Days went by and I replaced the cloth with sewn hides, reinforced with sturdier rods. This time I decided it wasn’t such a good idea to throw myself, so I let the wind do the testing. Sometimes the artifact glided for a few seconds before crashing.

Meanwhile, my sheets filled with illustrations, calculations, and crooked notes that I kept developing. Sometimes I didn’t even understand what I had written the day before, but I tried again anyway, convinced that sooner or later I would find the right form.

Some afternoons, when the sun began to hide behind the fields and the shadows grew long like giants, I could feel him there. Anu. He never said anything, never came close, but I knew he was watching me from somewhere, still, like a living statue.

I pretended not to notice, though now and then I couldn’t help asking him to teach me more, some word to confirm that I wasn’t as mad as I seemed. And he, with his calm, only answered just enough, as if lending me a thread of light so I could discover the path myself.

Time began to run. The months unraveled one after another, like grains of sand between my fingers, and I barely managed to jot down my ideas before launching into the next attempt.

My yards filled with skeletons of wood, torn wings, burst balloons. A shattered craft against the ground; I ran, gathered the pieces, and by the following week I already had a new design. Some models barely lifted before crashing, others managed to glide farther.

My hands drawing, cutting, sewing, tying; my feet chasing after the blueprints the wind carried away; my laughter and my tears mingled in every attempt.

It was then that they began to move. Anu’s companions, who until then had remained like statues in the shadows, took a step toward me. First came advice, then a correction in my drawings, then a strange tool I had never seen. With each intervention, my understanding grew faster.

My fabric wings turned into more complex gliders. The balloons swelled with greater strength, able to hold weight for hours. Then came the propellers that spun in the wind and the mechanisms I alone could never have imagined in a lifetime.

The sparks of the bonfires became directed fire, and fire became energy. Anu’s companions showed me how metal could be melted in more intricate ways.
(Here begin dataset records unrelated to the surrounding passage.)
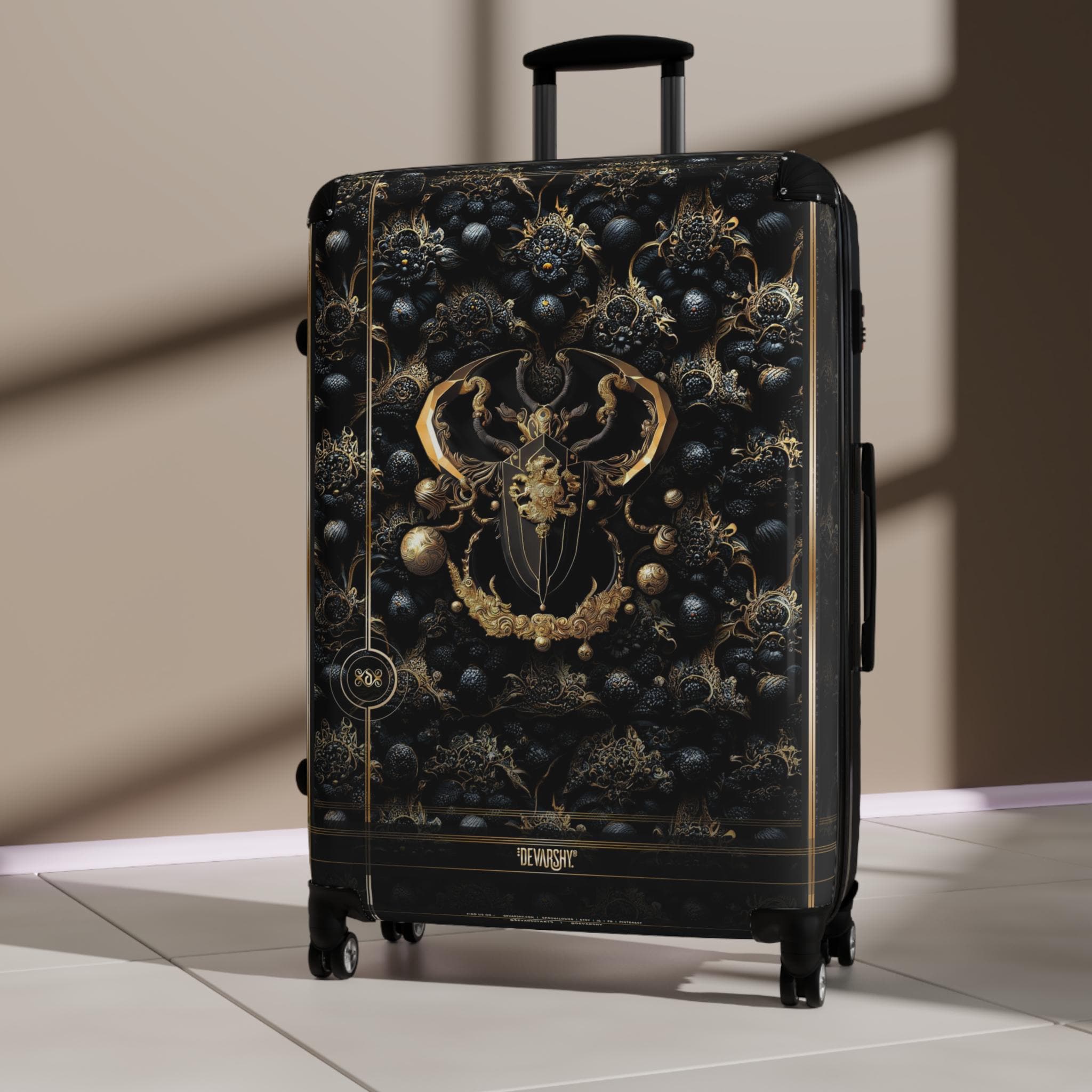 Black Scarab Suitcase, Hard Shell Carry-on, Gold Beetle Luggage, Je...
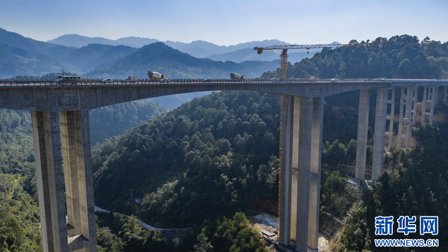 那興高速公路那紹特大橋建設有序推進(12月2日攝)。新華網發(熊平祥 攝)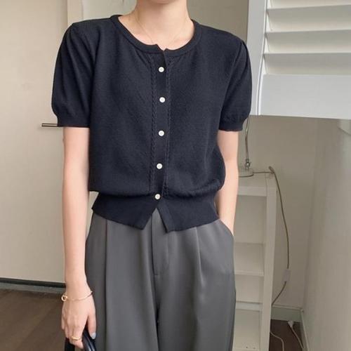 [다잇템]여성 미니멀리즘 버튼 스웨터 반소매 가디건 (41117364A)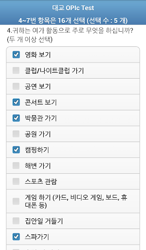 - OPIc 모의시험인 1~12(15)문제의 질문 청취 후 답변 진행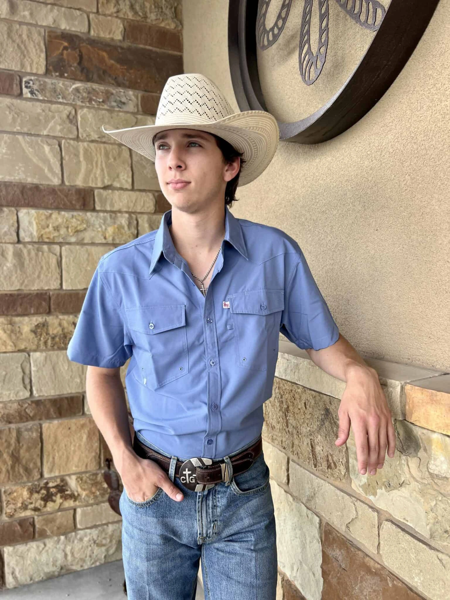 Saddle Rags Performance Short Sleeve – Dusty Blue Waffle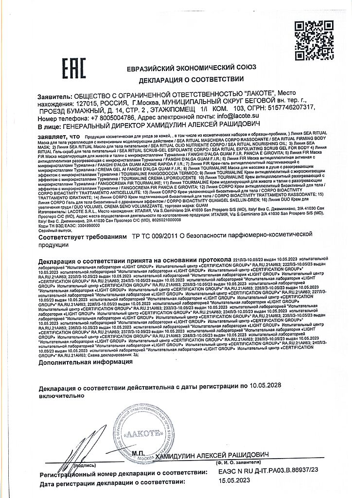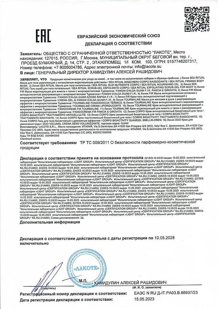 • 📒 Подробная инструкция по применению Guam Fir Маска антицеллюлитная активная 500г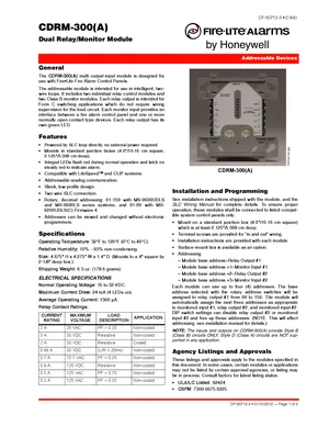 Datasheet for the Fire-Lite CDRM-300, published in 2012. Document No: DF-60713, Rev: A. Models CDRM-300, CDRM-300A and SMB500. Engineering specifications, wiring diagrams, and mounting dimensions.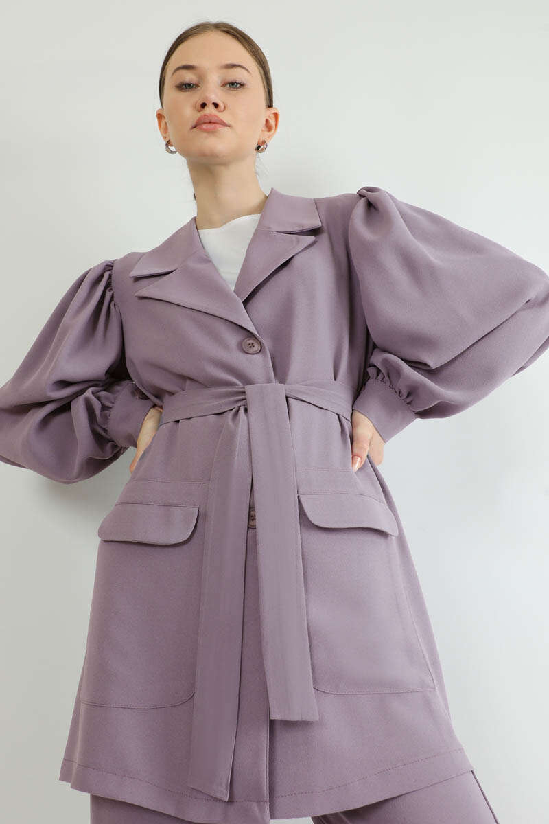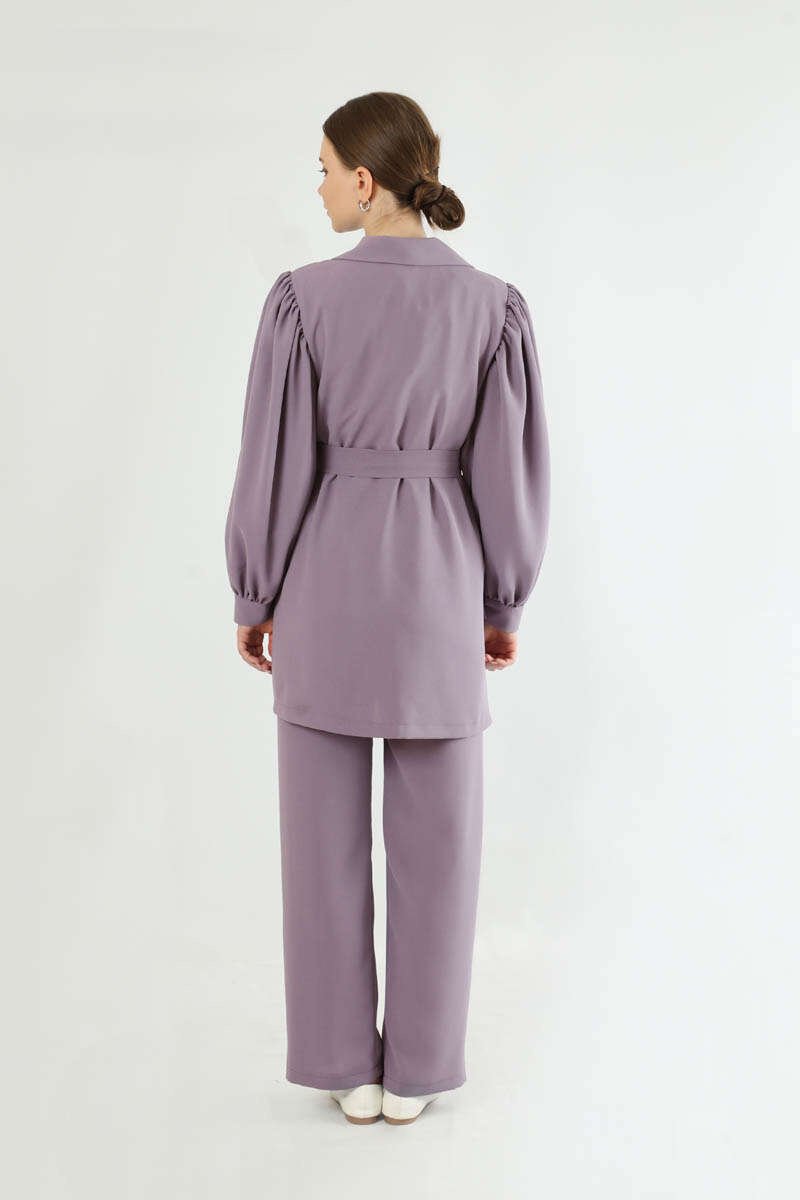 İngiliz yaka. Balon kol. Belden kuşaklı. Önden 3 düğmeli. Cepli. Astarsızdır. Pantolon beli lastiklidir. Pantolon bol paçadır.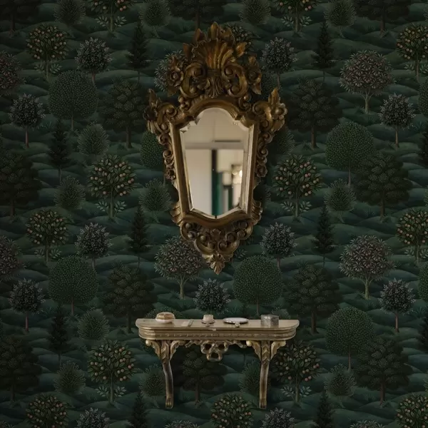 Tapete Üppig grüne Hügellandschaft mit gemusterten Bäumen Nr. a00892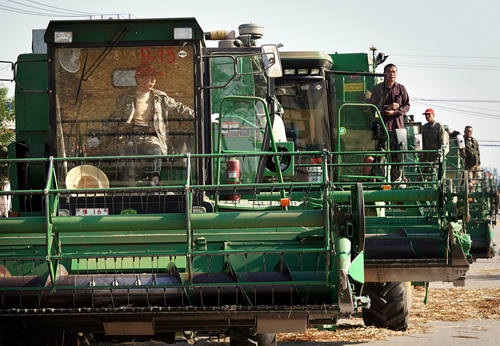 6月6日,在河南省周口市黄泛区农场九分场,农机队伍准备出发前往麦田进行收割作业。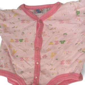pastel pink, cartoon print, snap buttons, baby romper, youthful style, playful, soft cotton, adorable, children’s apparel, retro

What once were simple wings of reed and leather now turned into bodies of copper and bronze.

In my memory it all happens at once: a glider breaking apart, a balloon tearing, an engine starting for the first time, a plane slicing the air like an arrow. Each failure was a seed, and each seed sprouted faster than the last.

The years passed like a ceaseless current. My hands, once clumsy, learned to shape metal as if it were clay. The drawings on my sheets multiplied until they became digital information. The Anunnaki watched me all that time, first in silence, then with increasingly profound guidance.

Before me now rose a ship almost as complex as theirs: its metallic body gleamed under the sun, its engines roared in harmony, and within its core lay the sum of every fall, every attempt, every error that had marked my path.

By the way, the nano-engineering suit Anu gave me fits far too well, and apparently it holds a great deal of information to study, as well as the ability to scan certain things within its understanding. No wonder Anu knew so much about my blood.

Then I boarded with my heart pounding. As I closed the hatch, I felt I was leaving behind not only the ground, but also the years of waiting.

The ship first rose slowly. Then, with a leap that seemed eternal, it ascended. The ground dissolved beneath me, the citizens and fields became small, the palms like green threads, and in the blink of an eye I crossed the horizon that had confined me for so many years.

I pressed the controls and the ship responded with furious acceleration. The air became fire around me, and suddenly there was no sky, but a dark, silent ocean. Before my eyes stretched the curvature of the planet, blue and radiant.

I looked to the sides. Behind me, several lights followed. It was them, who for the first time were not watching me from afar, but flying by my side, until they slowly drifted away from me and from the planet.